##### DATASET EXCERPT

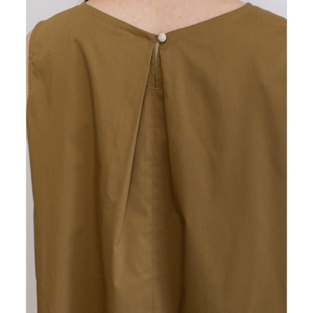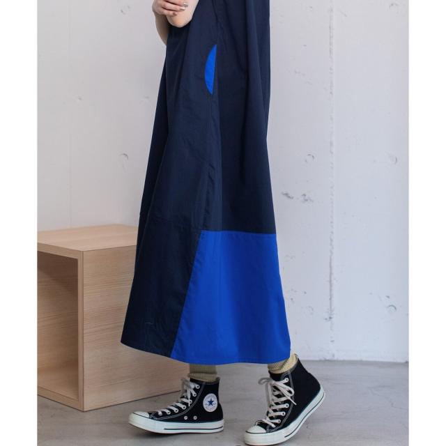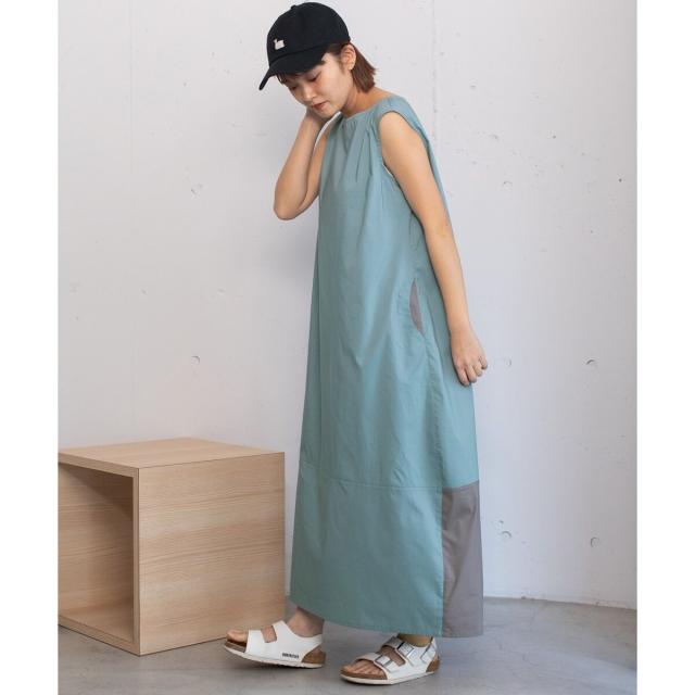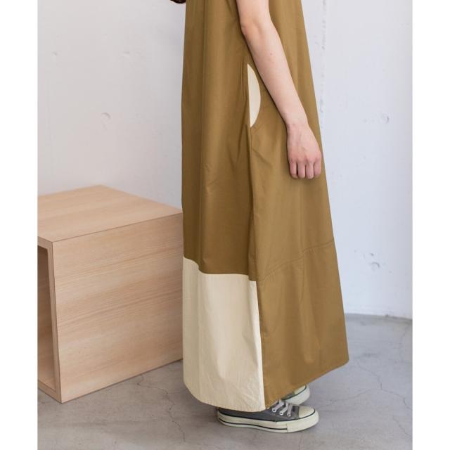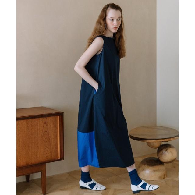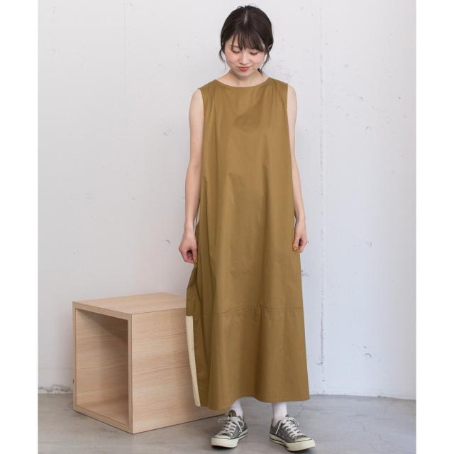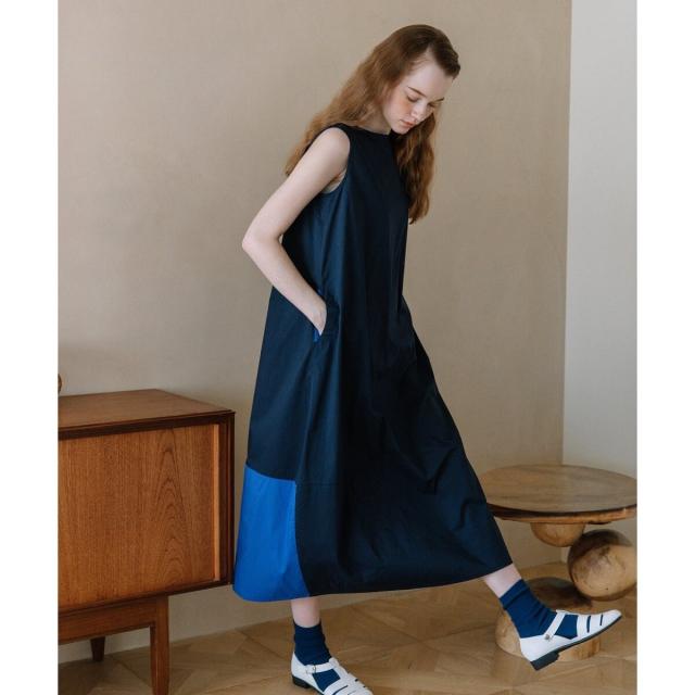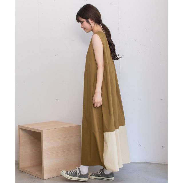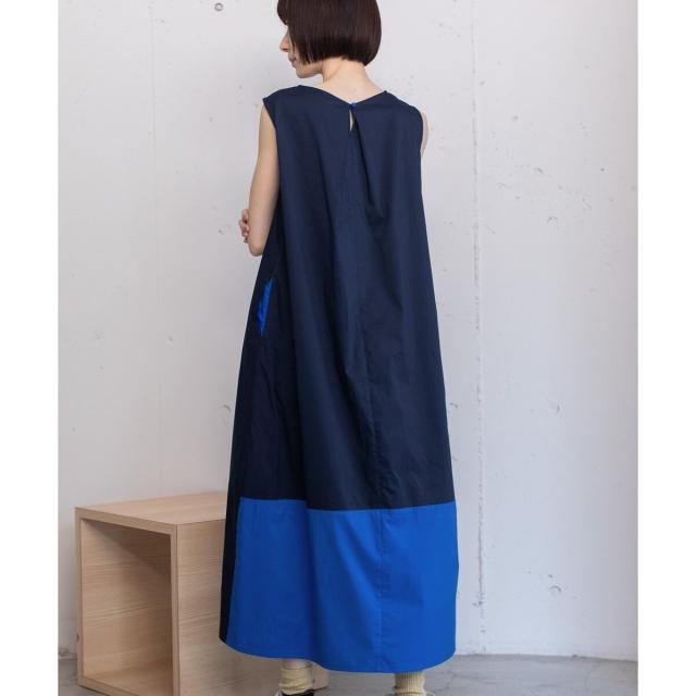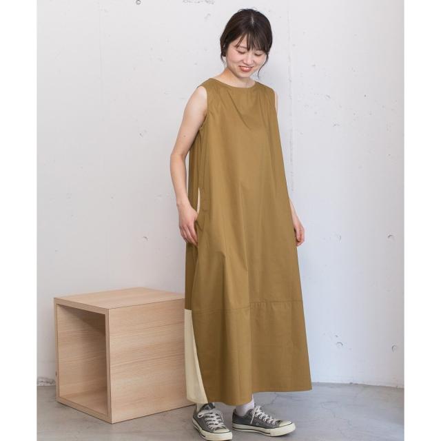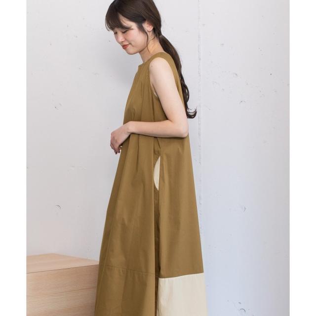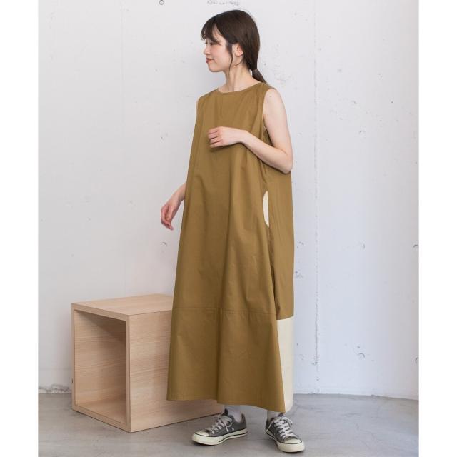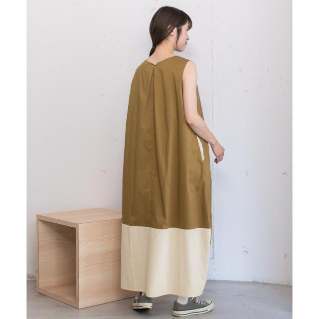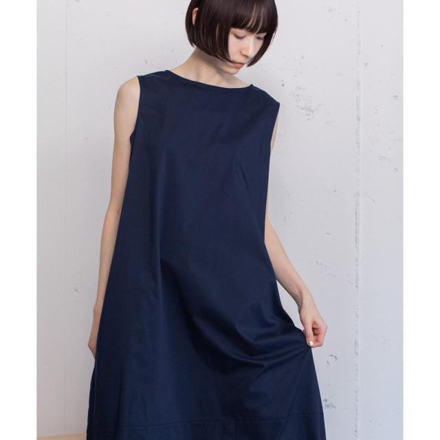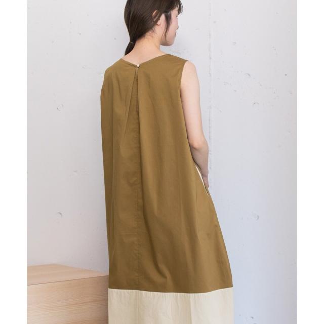 脇に丸みを出したコクーンシルエットと、バックヘムの配色切り替えが印象的なワンピース。ポケット口を丸くカッティングして配色がちらりと見えるようにしています。薄着になる季節に一枚で着映えして、暑い夏に重宝する袖なしのワンピース。シャツやカーディガンも羽織りやすいです。両サイドポケット付き。
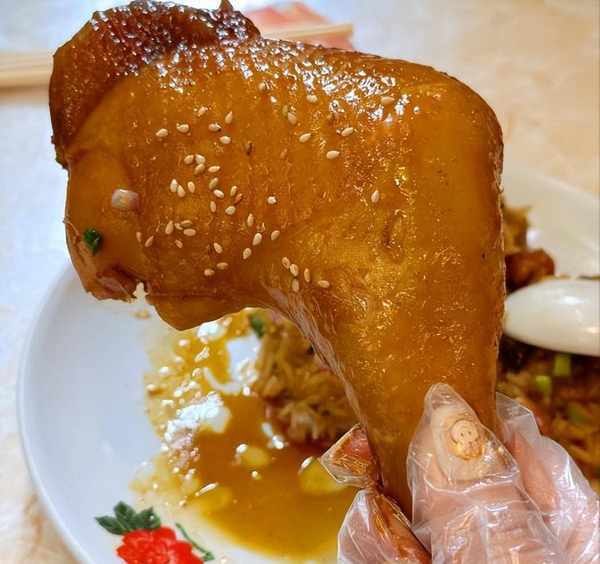 小伙子看不少客人点的都是这个鸡腿糯米饭,价格也不贵才22元,于是跟风点了一份,不一会糯米饭就端上来了,端上来后他还以为自己看花眼了,因为鸡腿真的很大一只。这一份饭是用一个盘子端上来的,鸡腿足足占了一半的位置,旁边是配料丰富的糯米饭。
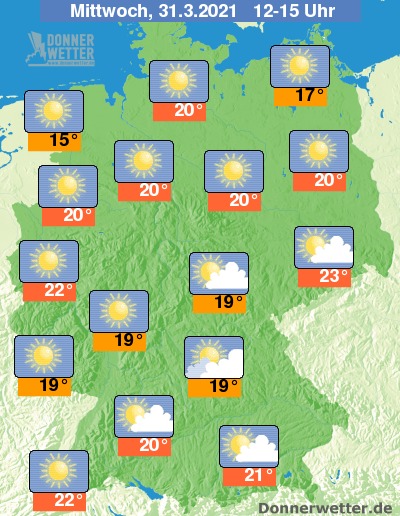 Heute Nachmittag zeigt sich das Wetter verbreitet sonnig, vor allem im Osten und Südosten ist es jedoch gebietsweise auch leicht bis wechselnd bewölkt, dabei bleibt es trocken. Die Temperatur liegt bei 15 Grad an der Nordsee und bis 22 Grad entlang des Rheins.
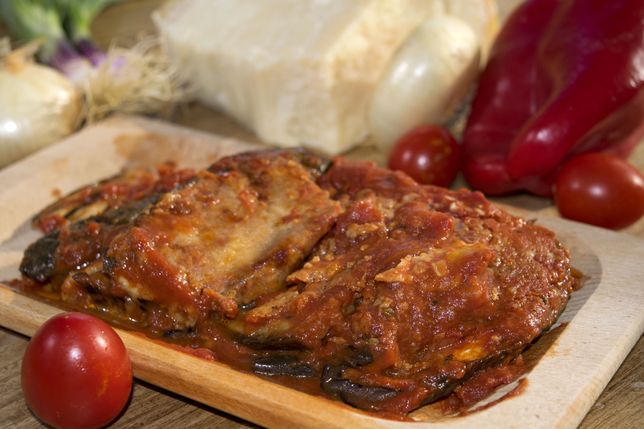 Veal Schnitzel Parmigiana. by Ben Ross. This aubergine parmigiana recipe is a brilliant vegetarian alternative to a lasagne. Aubergine parmigiana is one of the most iconic Italian dishes.

##########

■ TRY IT:
Write out the data once more exactly, omitting the pictures.

■ EXPECTED ANSWER:
 脇に丸みを出したコクーンシルエットと、バックヘムの配色切り替えが印象的なワンピース。ポケット口を丸くカッティングして配色がちらりと見えるようにしています。薄着になる季節に一枚で着映えして、暑い夏に重宝する袖なしのワンピース。シャツやカーディガンも羽織りやすいです。両サイドポケット付き。
 小伙子看不少客人点的都是这个鸡腿糯米饭,价格也不贵才22元,于是跟风点了一份,不一会糯米饭就端上来了,端上来后他还以为自己看花眼了,因为鸡腿真的很大一只。这一份饭是用一个盘子端上来的,鸡腿足足占了一半的位置,旁边是配料丰富的糯米饭。
 Heute Nachmittag zeigt sich das Wetter verbreitet sonnig, vor allem im Osten und Südosten ist es jedoch gebietsweise auch leicht bis wechselnd bewölkt, dabei bleibt es trocken. Die Temperatur liegt bei 15 Grad an der Nordsee und bis 22 Grad entlang des Rheins.
 Veal Schnitzel Parmigiana. by Ben Ross. This aubergine parmigiana recipe is a brilliant vegetarian alternative to a lasagne. Aubergine parmigiana is one of the most iconic Italian dishes.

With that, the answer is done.